The influence of Marx’s ideas has been enormous. Marx’s masterpiece,
Das Kapital, the “Bible of the working class,” as it was officially
described in a resolution of the International Working Men’s
Association, was published in 1867 in Berlin and received a second
edition in 1873. Only the first volume was completed and published in
Marx’s lifetime. The second and third volumes, unfinished by Marx, were
edited by Engels and published in 1885 and 1894. The economic categories
he employed were those of the classical British economics of David
Ricardo; but Marx used them in accordance with his dialectical method to
argue that bourgeois society, like every social organism, must follow
its inevitable path of development. Through the working of such immanent
tendencies as the declining rate of profit, capitalism would die and be
replaced by another, higher, society. The most memorable pages in Das
Kapital are the descriptive passages, culled from Parliamentary Blue
Books, on the misery of the English working class. Marx believed that
this misery would increase, while at the same time the monopoly of
capital would become a fetter upon production until finally “the knell
of capitalist private property sounds. The expropriators are
expropriated.”
Marx never claimed to have discovered the existence of classes and
class struggles in modern society. “Bourgeois” historians, he
acknowledged, had described them long before he had. He did claim,
however, to have proved that each phase in the development of production
was associated with a corresponding class structure and that the
struggle of classes led necessarily to the dictatorship of the
proletariat, ushering in the advent of a classless society. Marx took up
the very different versions of socialism current in the early 19th
century and welded them together into a doctrine that continued to be
the dominant version of socialism for half a century after his death.
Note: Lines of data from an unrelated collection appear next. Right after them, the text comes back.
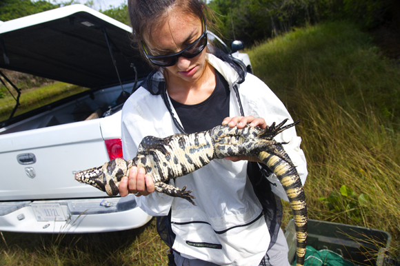 She graduated from Eckerd in 2010 with a double major in marine science and environmental studies and now lives in South Florida where she works for the U.S. Geological Survey (USGS). She’s part of a team of scientists tracking giant tegu lizards and Burmese pythons, two alien invaders that are threatening the balance in the Florida Keys and the Everglades.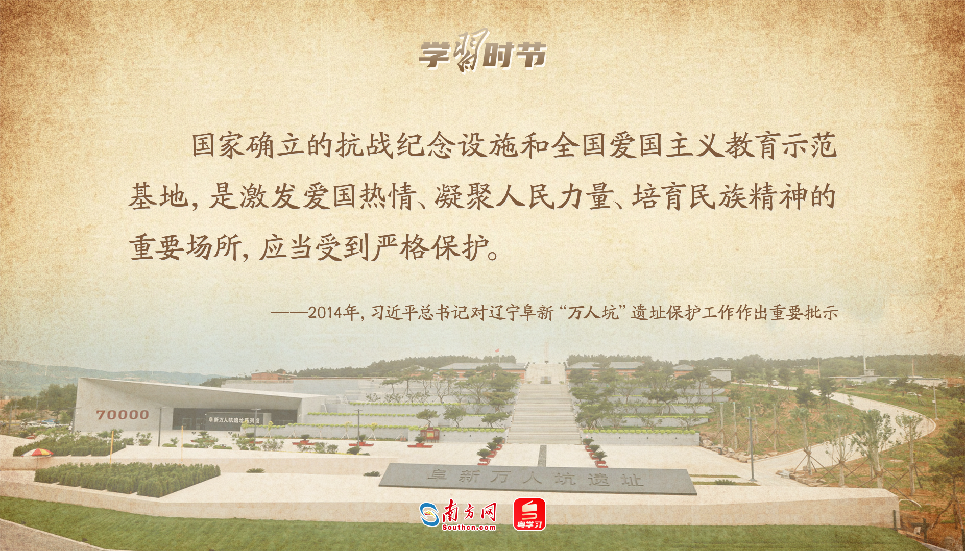 “國家確立的抗戰(zhàn)紀(jì)念設(shè)施和全國愛國主義教育示范基地,是激發(fā)愛國熱情、凝聚人民力量、培育民族精神的重要場所,應(yīng)當(dāng)受到嚴(yán)格保護(hù)?!?/p>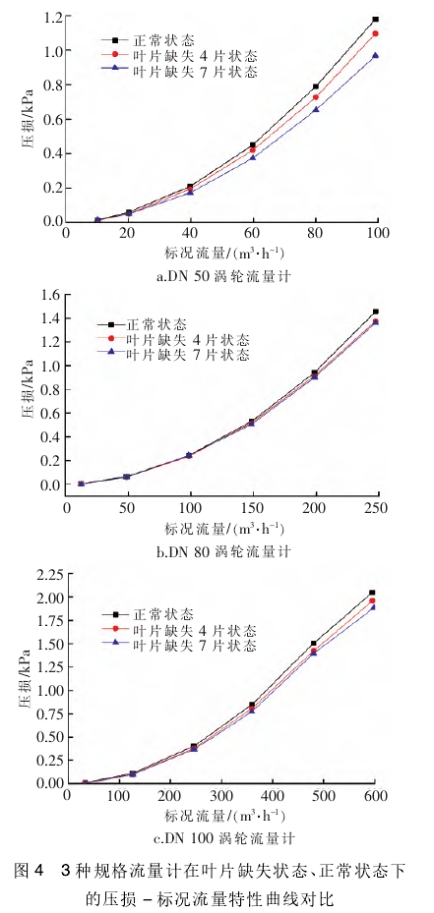 圖4爲(wèi)DN50、DN80、DN100渦輪流量計(jì)葉片缺失4片(pian)狀态、葉片缺(quē)失7片狀态與(yǔ)正常狀态的(de)壓損-标況流(liu)量特性曲線(xiàn)對比。可以看(kan)出,對每種規(gui)格的渦輪流(liú)量計,在相同(tóng)流量情況下(xia),葉片缺失狀(zhuàng)态的壓損比(bǐ)正常狀态小(xiǎo),葉片缺失越(yue)多,壓損越小(xiǎo)。壓損減小值(zhí)随着流量增(zeng)大而增大,小(xiǎo)流量下的壓(ya)損減小值難(nán)以識别,大流(liu)量下的壓損(sǔn)減小值也不(bu)顯著,但.當流(liu)量足夠大時(shi),采用工業級(jí)别壓差傳感(gan)器可以識别(bié)。在實際運行(háng)中,由于大流(liú)量下的壓損(sǔn)減小值不顯(xian)著,可能導緻(zhì)較多誤判,因(yin)此需要結合(hé)流量計的高(gao)低頻脈沖數(shù)進一步判定(ding)。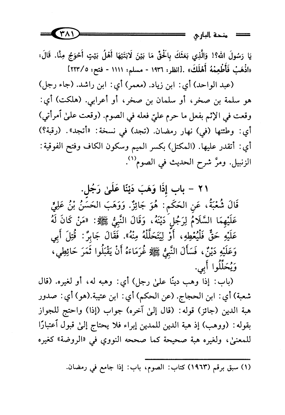(عبد الواحد) أي: ابن زياد. (معمر) أي: ابن راشد. (جاء رجل) هو سلمة بن صخر، أو سلمان بن صخر، أو أعرابي. (هلكت) أي: وقعت في الإثم بفعل ما حرم على فعله في الصوم. (وقعت على امرأتي) أي: وطئتها (في) نهار رمضان. (تجد) في نسخة: "أتجد". (رقبة؟) أي: أتقدر عليها. (المكتل) بكسر الميم وسكون الكاف وفتح الفوقية: الزنبيل. ومرَّ شرح الحديث في الصوم (¬1).

His emphasis on the influence of economic structure on historical
development has proved to be of lasting significance.
Although Marx stressed economic issues in his writings, his major
impact has been in the fields of sociology and history. Marx’s most
important contribution to sociological theory was his general mode of
analysis, the “dialectical” model, which regards every social system as
having within it immanent forces that give rise to “contradictions”
(disequilibria) that can be resolved only by a new social system.
Neo-Marxists, who no longer accept the economic reasoning in Das
Kapital, are still guided by this model in their approach to capitalist
society. In this sense, Marx’s mode of analysis, like those of Thomas
Malthus, Herbert Spencer, or Vilfredo Pareto, has become one of the
theoretical structures that are the heritage of the social scientist.